It's worth being specific about what's actually at stake, because "losing our identity" covers a lot of ground and means different things to different people.

For some, it's the name. The founding partner's name above the door, or the carefully chosen words that became the firm's title, carries history and meaning that feels irreplaceable. The idea that modernising your brand might mean changing it feels like dismantling the foundation.

For others, it's the brand values. The particular way the firm treats its people and its clients. The culture that makes it distinctively itself. The brand personality that makes working with the firm feel different from the larger, more corporate alternatives.

For others still, it's the relationships. The fear that existing clients — some of whom have been with the firm for twenty years — will experience a brand evolution as a signal that something fundamental is changing. That the firm they trusted is becoming something else.

These concerns are understandable. They're also, in most cases, pointed at the wrong thing. Because almost none of what makes a firm genuinely itself lives in the parts of the brand that evolution touches.

Identity and expression are not the same thing

Here's the distinction that tends to change the conversation.

Your core identity is the substance of your firm. The brand values that shape how work gets done. The brand personality that exists between the people who work there. The particular expertise that's been developed over years. The relationships that have been built with trust and maintained through delivery. The way the firm approaches problems, treats clients, develops its people.

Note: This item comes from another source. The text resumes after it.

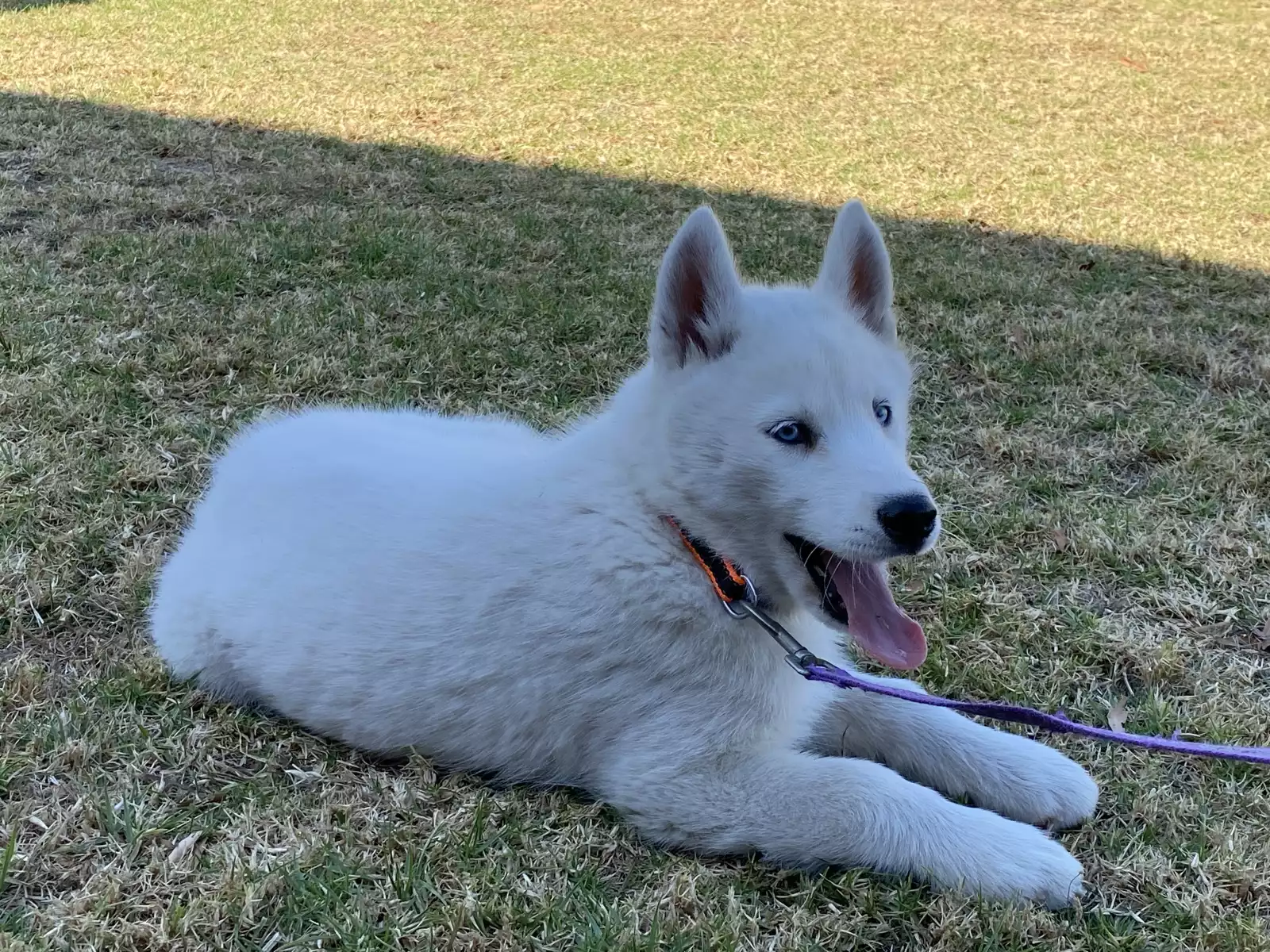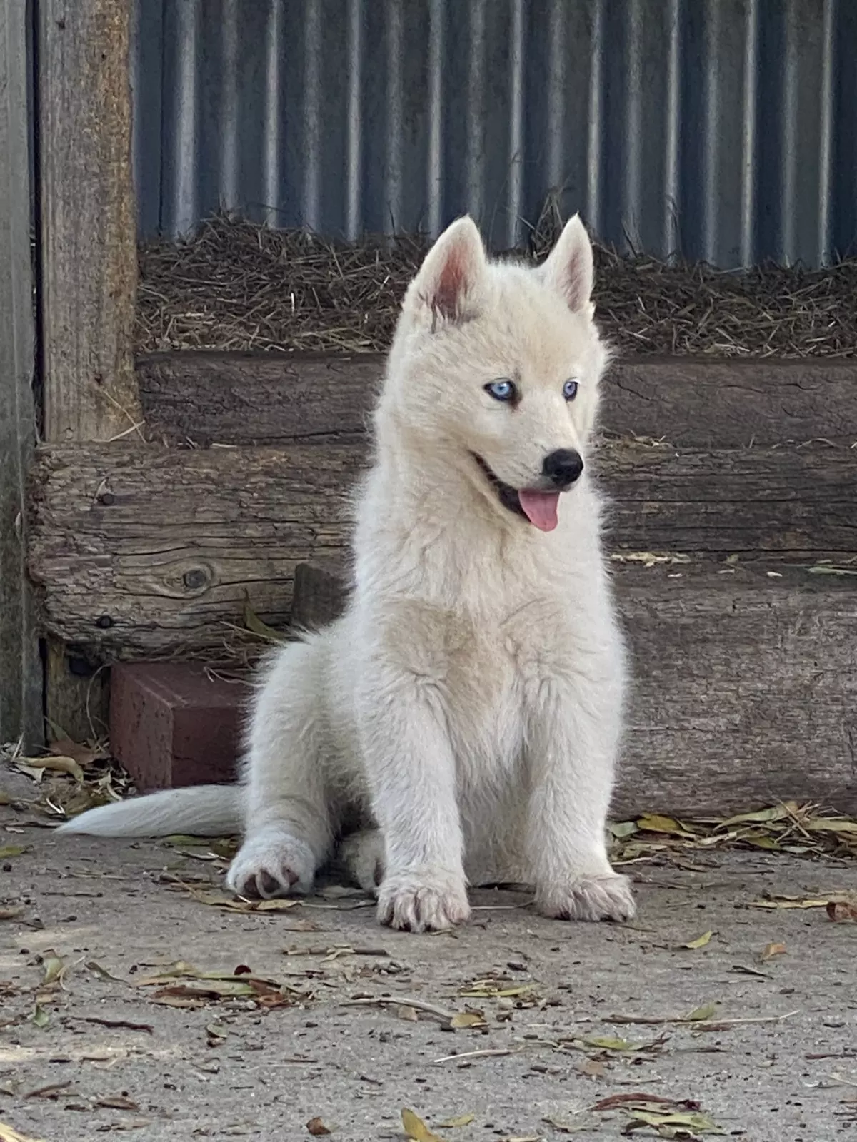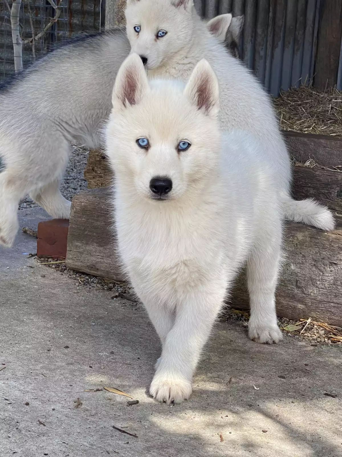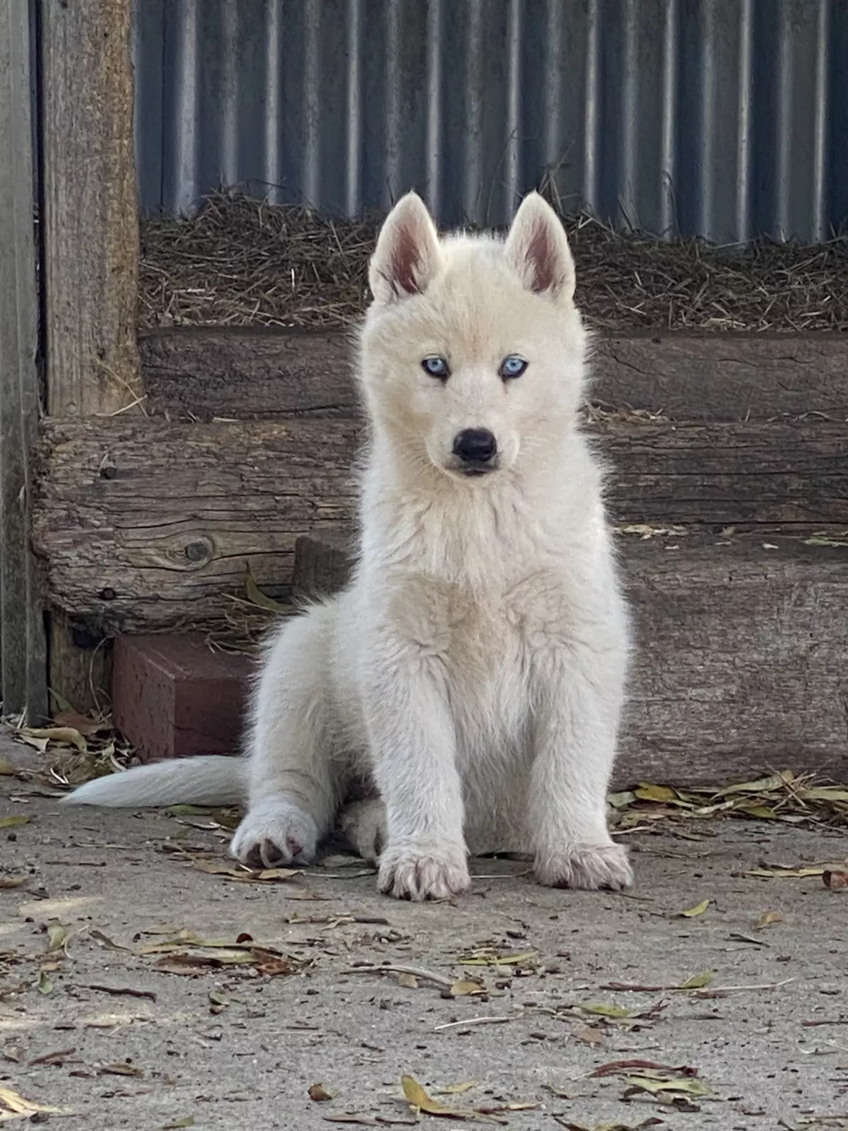 Beautiful pure white female Siberian Husky pup with bright blue eyes.

None of that lives in your logo. None of it lives in your colour palettes or your typography or the way your website was built in 2016. None of it lives in the specific words chosen for your homepage headline when the site was last refreshed.

Your visual identity and brand messaging are how all of that substance currently shows up externally — the expression. And expression can become outdated without the core identity changing at all. In fact, in most cases that's exactly what happens. The firm keeps evolving its substance, its thinking, its capability, its brand voice, while the expression stays fixed, gradually drifting further from the reality it's supposed to represent.

When you modernise your brand, you're not touching the core identity. You're updating the expression — finding better, more current, more credible ways to communicate what has always been true about the firm. The substance stays. The brand narrative gets retold in language the current market can actually receive.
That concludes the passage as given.